■ Required work: Retype each line of the material below word for word; pictures stay out.

■ Stored data:

#####

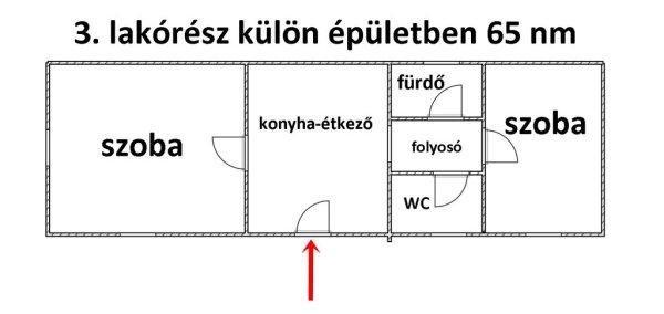 kialakítású 60 m2-es, 2 szobás 2. lakórészt. A másik különálló épületben egy 65
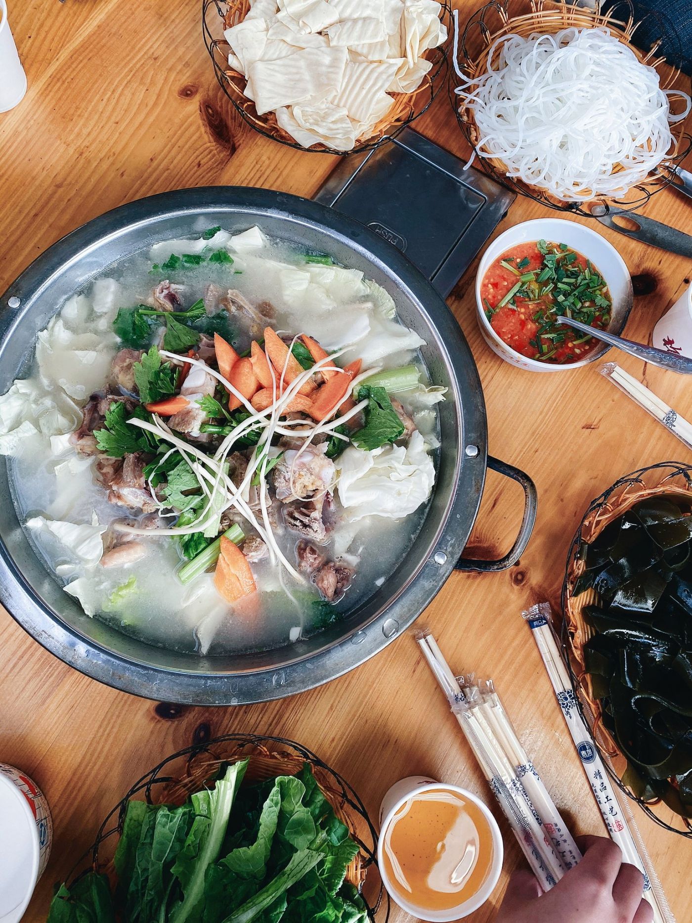 หลังจากเที่ยวตรงนี้เสร็จพี่คนขับนัดกินข้าวเที่ยงกันที่ Blackwater Mountain Village (ค่าข้าวรวมไปตอนที่เราซื้อทัวร์แล้วจ้า) อากาศเย็ยขนาดนี้จะไม่มีหม้อไฟได้ยังไงกัน อันนี้เป็นเหมือนต้มกระดูกหมู แล้วก็เติมพวกผักสด เส้น เต้าหูลงไป น้ำซุปอร่อย นัวมากกก
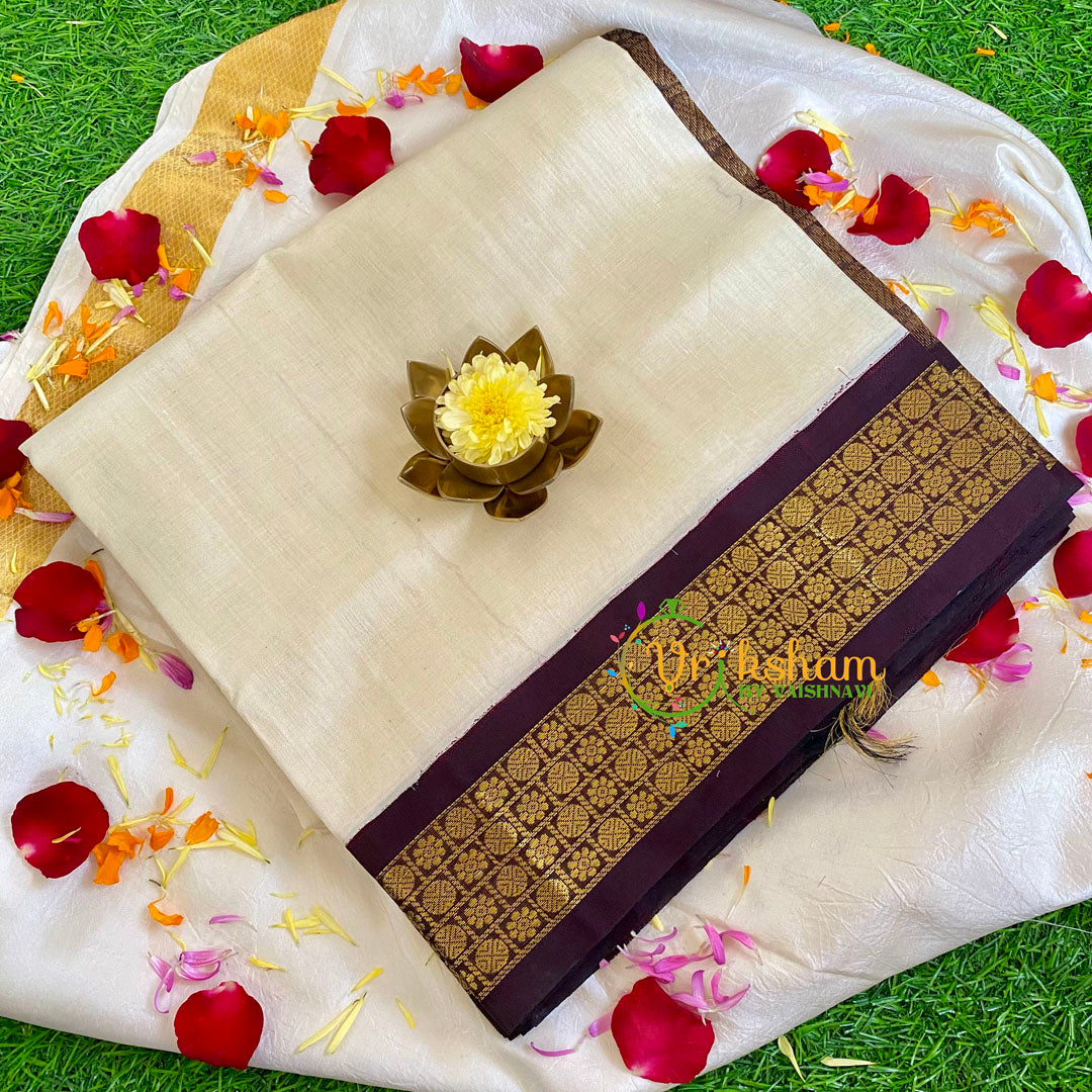 Half White with Brown Silk Cotton Saree-Korvai Handloom Saree -Festive wear saree –Plain Pattern throughout the saree; comes with Blouse attached. Two side contrast border and pallu.
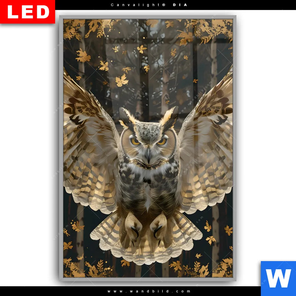Canvalight® DIA Leuchtbild | Eule inmitten goldener Blätter | Hochformat

#####

■ Solution to the exercise:
 kialakítású 60 m2-es, 2 szobás 2. lakórészt. A másik különálló épületben egy 65
 หลังจากเที่ยวตรงนี้เสร็จพี่คนขับนัดกินข้าวเที่ยงกันที่ Blackwater Mountain Village (ค่าข้าวรวมไปตอนที่เราซื้อทัวร์แล้วจ้า) อากาศเย็ยขนาดนี้จะไม่มีหม้อไฟได้ยังไงกัน อันนี้เป็นเหมือนต้มกระดูกหมู แล้วก็เติมพวกผักสด เส้น เต้าหูลงไป น้ำซุปอร่อย นัวมากกก
 Half White with Brown Silk Cotton Saree-Korvai Handloom Saree -Festive wear saree –Plain Pattern throughout the saree; comes with Blouse attached. Two side contrast border and pallu.
Canvalight® DIA Leuchtbild | Eule inmitten goldener Blätter | Hochformat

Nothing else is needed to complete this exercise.